1. What is the difference between Claude Code's Read tool and using cat in the Bash tool?

Show answer The Read tool provides structured file reading with line numbers, handles images/PDFs, respects permissions, and gives better UX. Bash cat is raw — no line numbers, no image support, and less user-friendly for code review. *Common mistake:* There is no difference; they are identical

2. What is the purpose of CLAUDE.md files and how does precedence work?

Show answer CLAUDE.md files provide project-specific instructions to Claude Code. Precedence: direct user instruction > nearest subtree CLAUDE.md > repo root CLAUDE.md > workspace root CLAUDE.md. More local wins. *Common mistake:* CLAUDE.md files are only for documentation

3. How does Claude Code handle file edits — what is the difference between Edit and Write tools?
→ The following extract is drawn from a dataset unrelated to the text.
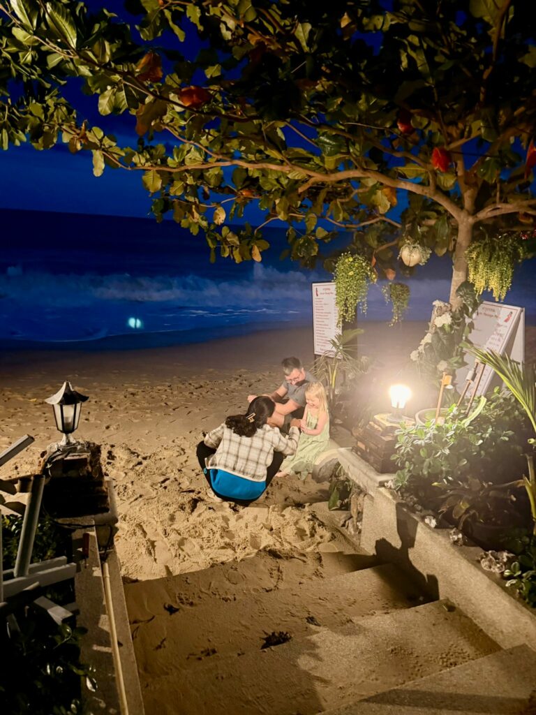 Bevor wir zurück aufs Zimmer gingen, machten wir noch einen Abstecher zum Strand. Dort trafen wir die Besitzerin des Massagepavillons, während ihre Kolleginnen noch fleißig arbeiteten. Sie hat Emelie sofort eingewickelt in ein spannendes Program aus Spiel und tanzen. Die beiden sind schon richtig gute Freundinnen. Emelie bekommt dort regelmäßig Bananen, und heute brachte sie ihr im Gegenzug Schoko-Koalas vorbei. Morgen darf sie zu einer Massage vorbei kommen 😉 So süß.
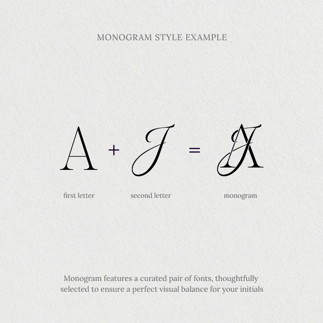 - Monogram and Monogram in frame (border) with a name(s) and date (or tagline) – optional for a fee (if selected)

Show answer Edit makes targeted string replacements (sends only the diff). Write overwrites the entire file. Prefer Edit for modifications to preserve context and minimize risk. Use Write only for new files or complete rewrites. *Common mistake:* Write is always preferred because it is faster

L2 (3 questions)

1. How do you configure Claude Code to automatically run commands before or after tool calls?

Show answer Use hooks in settings.json — configure pre/post hooks that run shell commands in response to tool call events. Hooks can validate, lint, or notify based on what tool was called and its parameters. *Common mistake:* Write the commands in CLAUDE.md

2. When should you use the Agent tool vs. direct Grep/Glob calls in Claude Code?

Show answer Use Grep/Glob for simple, directed searches (specific file, class, function). Use Agent for broader exploration requiring multiple rounds of search, or for parallelizing independent research tasks that might overwhelm the main context. *Common mistake:* Always use Agent for every search

3. What is the purpose of the TodoWrite tool in Claude Code and when should you use it?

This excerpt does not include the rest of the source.